▶ Try it: Would you return the lines that run from the start of the data below to the line with "МЕЖДУНАРОДНЫЕ СТАНДАРТЫ Признаются", both included, exactly as written and without pictures?

▶ Records shown:
+-------+
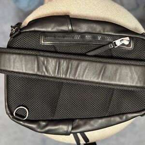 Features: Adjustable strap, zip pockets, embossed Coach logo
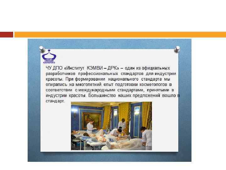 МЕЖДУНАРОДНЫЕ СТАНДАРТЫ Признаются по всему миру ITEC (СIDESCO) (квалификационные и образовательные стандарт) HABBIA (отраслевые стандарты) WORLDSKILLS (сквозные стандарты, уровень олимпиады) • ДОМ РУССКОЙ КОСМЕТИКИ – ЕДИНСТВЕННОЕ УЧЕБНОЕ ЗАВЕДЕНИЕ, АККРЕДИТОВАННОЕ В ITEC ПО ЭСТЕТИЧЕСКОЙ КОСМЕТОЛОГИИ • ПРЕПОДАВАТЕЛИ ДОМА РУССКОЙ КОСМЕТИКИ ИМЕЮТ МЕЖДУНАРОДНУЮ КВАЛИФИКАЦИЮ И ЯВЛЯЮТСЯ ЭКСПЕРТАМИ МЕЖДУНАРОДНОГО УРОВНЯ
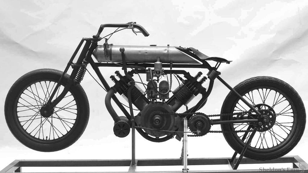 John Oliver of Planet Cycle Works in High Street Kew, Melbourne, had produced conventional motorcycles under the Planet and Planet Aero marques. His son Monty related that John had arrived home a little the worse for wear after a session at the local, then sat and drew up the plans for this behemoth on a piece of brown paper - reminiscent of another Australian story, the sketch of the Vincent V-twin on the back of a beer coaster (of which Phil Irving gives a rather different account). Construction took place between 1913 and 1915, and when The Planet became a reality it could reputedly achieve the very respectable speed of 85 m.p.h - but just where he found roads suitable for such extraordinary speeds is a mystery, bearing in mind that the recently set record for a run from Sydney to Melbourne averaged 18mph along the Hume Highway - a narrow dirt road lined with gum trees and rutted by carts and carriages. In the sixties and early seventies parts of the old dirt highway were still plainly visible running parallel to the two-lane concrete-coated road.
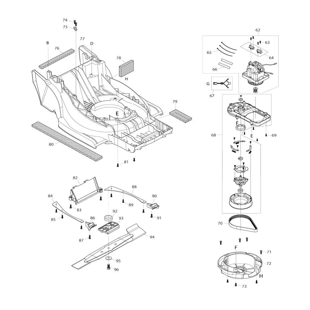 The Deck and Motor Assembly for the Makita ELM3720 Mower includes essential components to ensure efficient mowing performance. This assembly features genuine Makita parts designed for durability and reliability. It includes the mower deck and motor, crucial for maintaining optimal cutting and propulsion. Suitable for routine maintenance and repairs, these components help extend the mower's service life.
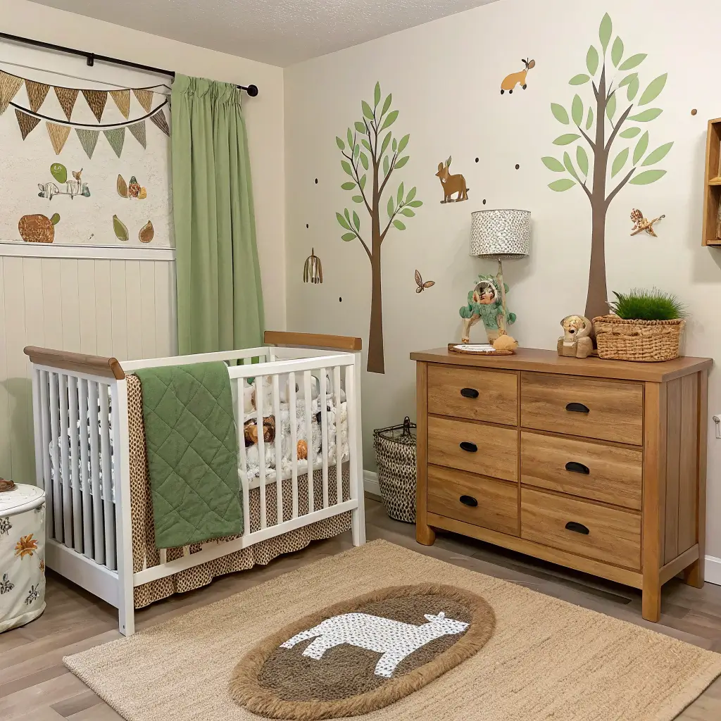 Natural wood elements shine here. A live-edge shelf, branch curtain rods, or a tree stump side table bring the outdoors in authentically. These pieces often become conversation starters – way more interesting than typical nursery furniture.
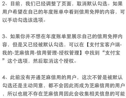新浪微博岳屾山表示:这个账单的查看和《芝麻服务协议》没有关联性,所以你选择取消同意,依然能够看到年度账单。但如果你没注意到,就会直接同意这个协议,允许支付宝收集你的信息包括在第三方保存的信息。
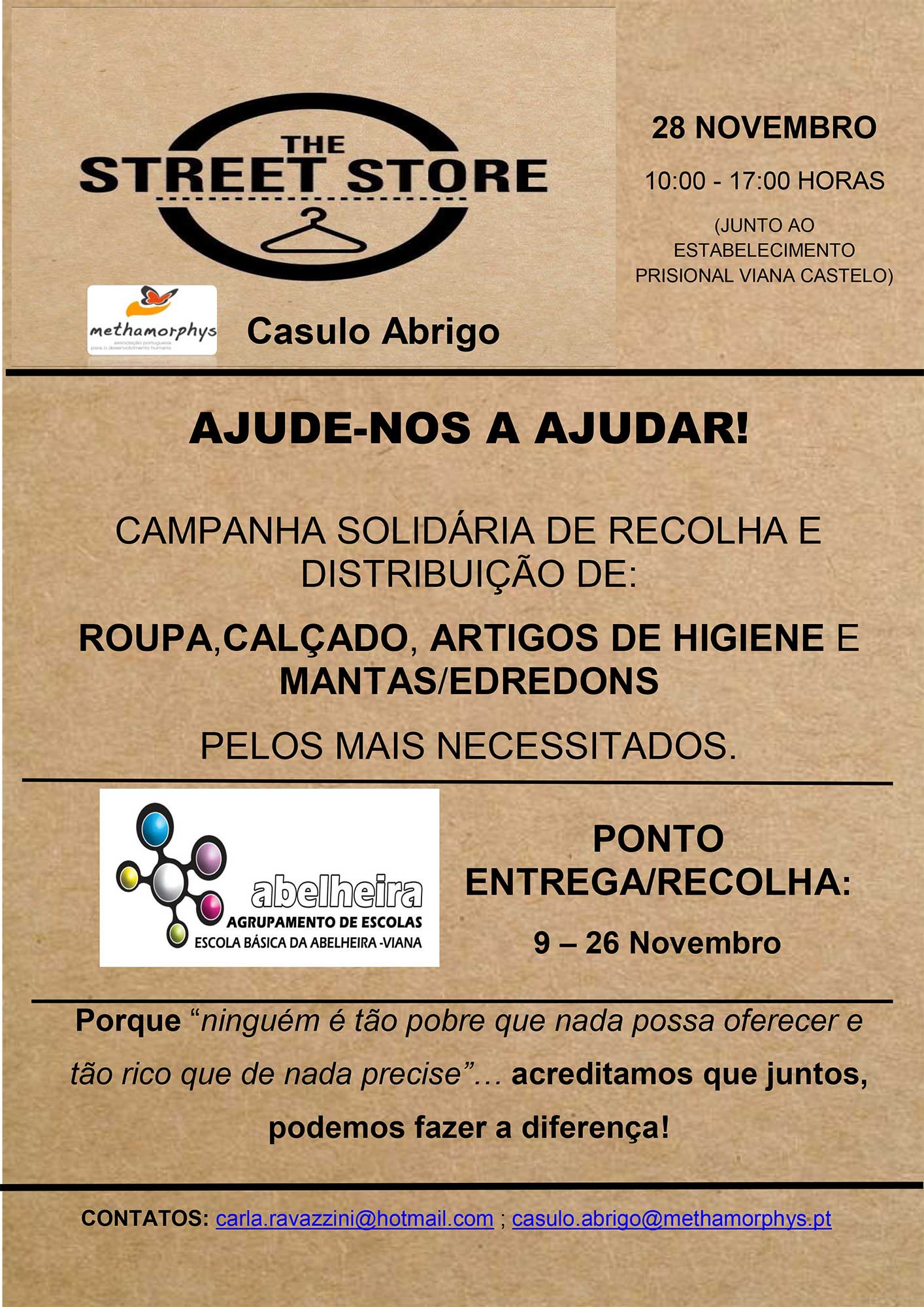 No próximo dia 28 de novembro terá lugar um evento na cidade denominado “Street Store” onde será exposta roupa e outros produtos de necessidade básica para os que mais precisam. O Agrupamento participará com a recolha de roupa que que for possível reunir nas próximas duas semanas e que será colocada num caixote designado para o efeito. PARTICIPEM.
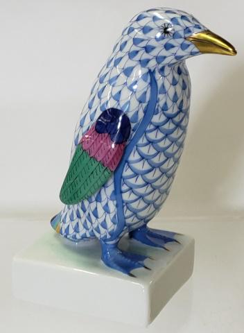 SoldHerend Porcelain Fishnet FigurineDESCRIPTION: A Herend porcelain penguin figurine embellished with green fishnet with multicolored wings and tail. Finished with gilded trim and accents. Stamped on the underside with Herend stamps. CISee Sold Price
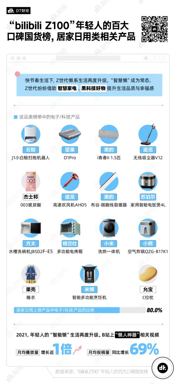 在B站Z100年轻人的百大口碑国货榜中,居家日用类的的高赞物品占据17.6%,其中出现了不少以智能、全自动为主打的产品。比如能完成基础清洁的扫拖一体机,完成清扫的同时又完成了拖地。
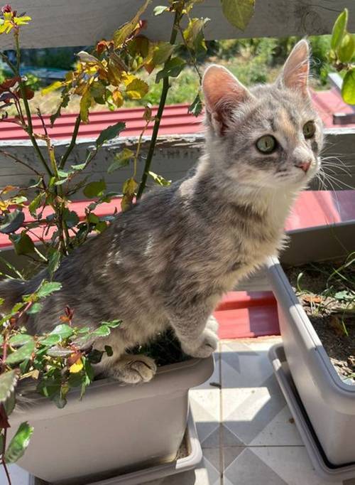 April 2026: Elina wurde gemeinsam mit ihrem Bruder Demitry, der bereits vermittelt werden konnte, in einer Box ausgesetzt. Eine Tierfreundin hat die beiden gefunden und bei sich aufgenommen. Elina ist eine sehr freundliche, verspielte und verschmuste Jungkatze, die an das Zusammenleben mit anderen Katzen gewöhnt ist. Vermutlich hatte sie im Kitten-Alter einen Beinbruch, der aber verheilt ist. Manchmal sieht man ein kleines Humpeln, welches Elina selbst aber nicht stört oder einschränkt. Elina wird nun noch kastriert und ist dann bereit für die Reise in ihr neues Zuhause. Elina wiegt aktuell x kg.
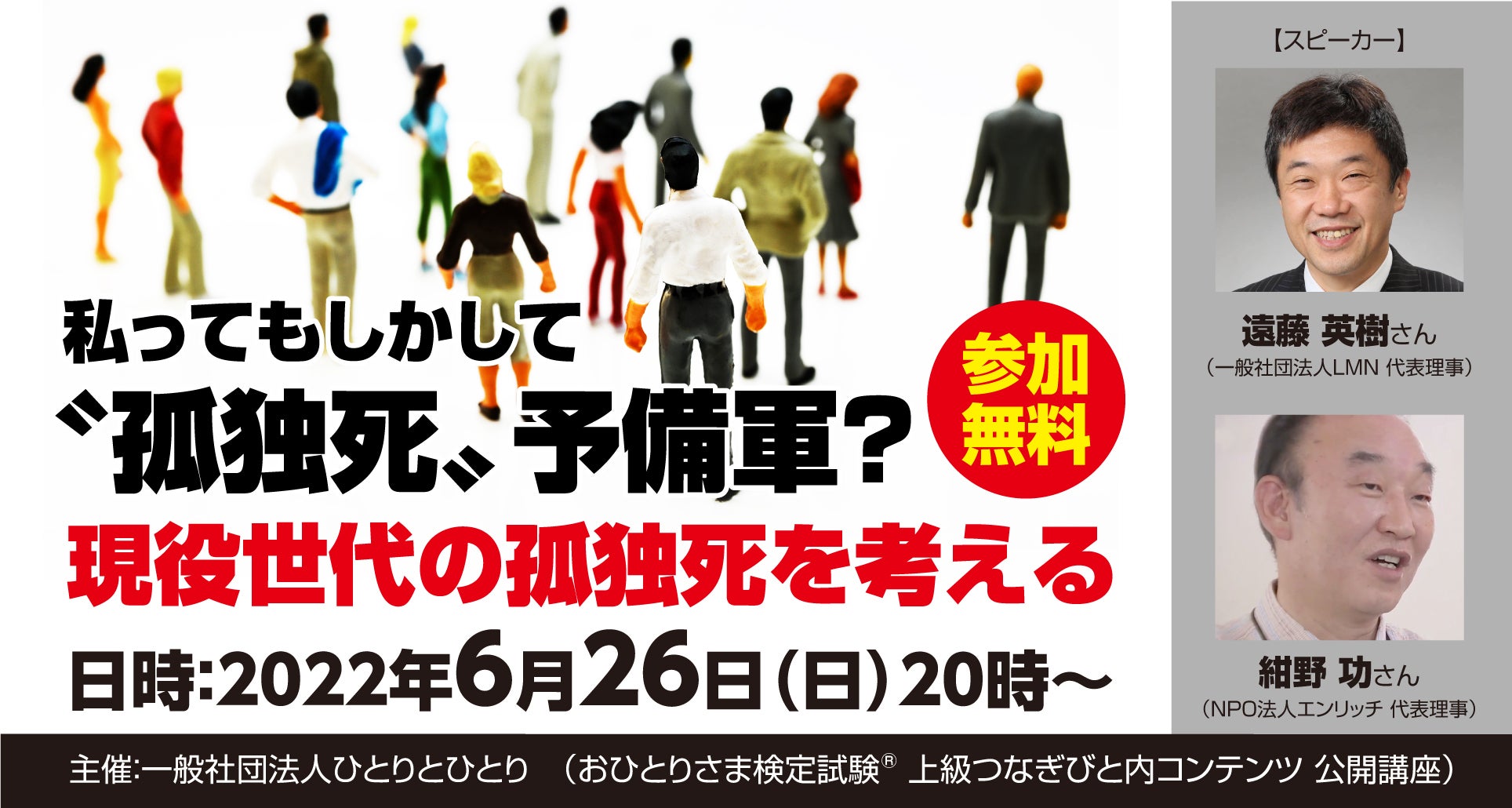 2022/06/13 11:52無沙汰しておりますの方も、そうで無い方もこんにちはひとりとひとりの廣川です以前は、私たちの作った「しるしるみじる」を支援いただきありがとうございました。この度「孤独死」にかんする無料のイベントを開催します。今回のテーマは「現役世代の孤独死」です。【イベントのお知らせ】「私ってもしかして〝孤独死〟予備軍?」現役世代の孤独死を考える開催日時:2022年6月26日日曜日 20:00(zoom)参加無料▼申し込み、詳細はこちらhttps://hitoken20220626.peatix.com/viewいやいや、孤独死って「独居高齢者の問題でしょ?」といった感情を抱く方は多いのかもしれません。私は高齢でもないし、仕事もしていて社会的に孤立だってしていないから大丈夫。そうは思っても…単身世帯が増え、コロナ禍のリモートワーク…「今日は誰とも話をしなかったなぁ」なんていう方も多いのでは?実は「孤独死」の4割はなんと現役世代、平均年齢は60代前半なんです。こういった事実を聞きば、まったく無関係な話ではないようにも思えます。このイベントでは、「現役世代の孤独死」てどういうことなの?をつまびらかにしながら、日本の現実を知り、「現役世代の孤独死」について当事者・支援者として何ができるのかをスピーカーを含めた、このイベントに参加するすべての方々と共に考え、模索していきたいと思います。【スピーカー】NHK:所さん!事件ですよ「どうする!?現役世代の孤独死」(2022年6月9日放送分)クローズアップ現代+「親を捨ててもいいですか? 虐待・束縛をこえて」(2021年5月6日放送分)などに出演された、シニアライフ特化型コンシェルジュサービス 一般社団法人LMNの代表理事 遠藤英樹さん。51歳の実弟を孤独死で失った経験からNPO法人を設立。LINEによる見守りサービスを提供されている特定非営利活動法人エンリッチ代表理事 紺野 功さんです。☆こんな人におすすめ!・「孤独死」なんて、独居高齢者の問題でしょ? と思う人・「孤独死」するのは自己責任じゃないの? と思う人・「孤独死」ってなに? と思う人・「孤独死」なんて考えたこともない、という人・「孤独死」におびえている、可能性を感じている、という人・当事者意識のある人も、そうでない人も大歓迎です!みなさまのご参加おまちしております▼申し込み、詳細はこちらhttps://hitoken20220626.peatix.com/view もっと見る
+-------+
▶ Solution for this task:
 Features: Adjustable strap, zip pockets, embossed Coach logo
 МЕЖДУНАРОДНЫЕ СТАНДАРТЫ Признаются по всему миру ITEC (СIDESCO) (квалификационные и образовательные стандарт) HABBIA (отраслевые стандарты) WORLDSKILLS (сквозные стандарты, уровень олимпиады) • ДОМ РУССКОЙ КОСМЕТИКИ – ЕДИНСТВЕННОЕ УЧЕБНОЕ ЗАВЕДЕНИЕ, АККРЕДИТОВАННОЕ В ITEC ПО ЭСТЕТИЧЕСКОЙ КОСМЕТОЛОГИИ • ПРЕПОДАВАТЕЛИ ДОМА РУССКОЙ КОСМЕТИКИ ИМЕЮТ МЕЖДУНАРОДНУЮ КВАЛИФИКАЦИЮ И ЯВЛЯЮТСЯ ЭКСПЕРТАМИ МЕЖДУНАРОДНОГО УРОВНЯ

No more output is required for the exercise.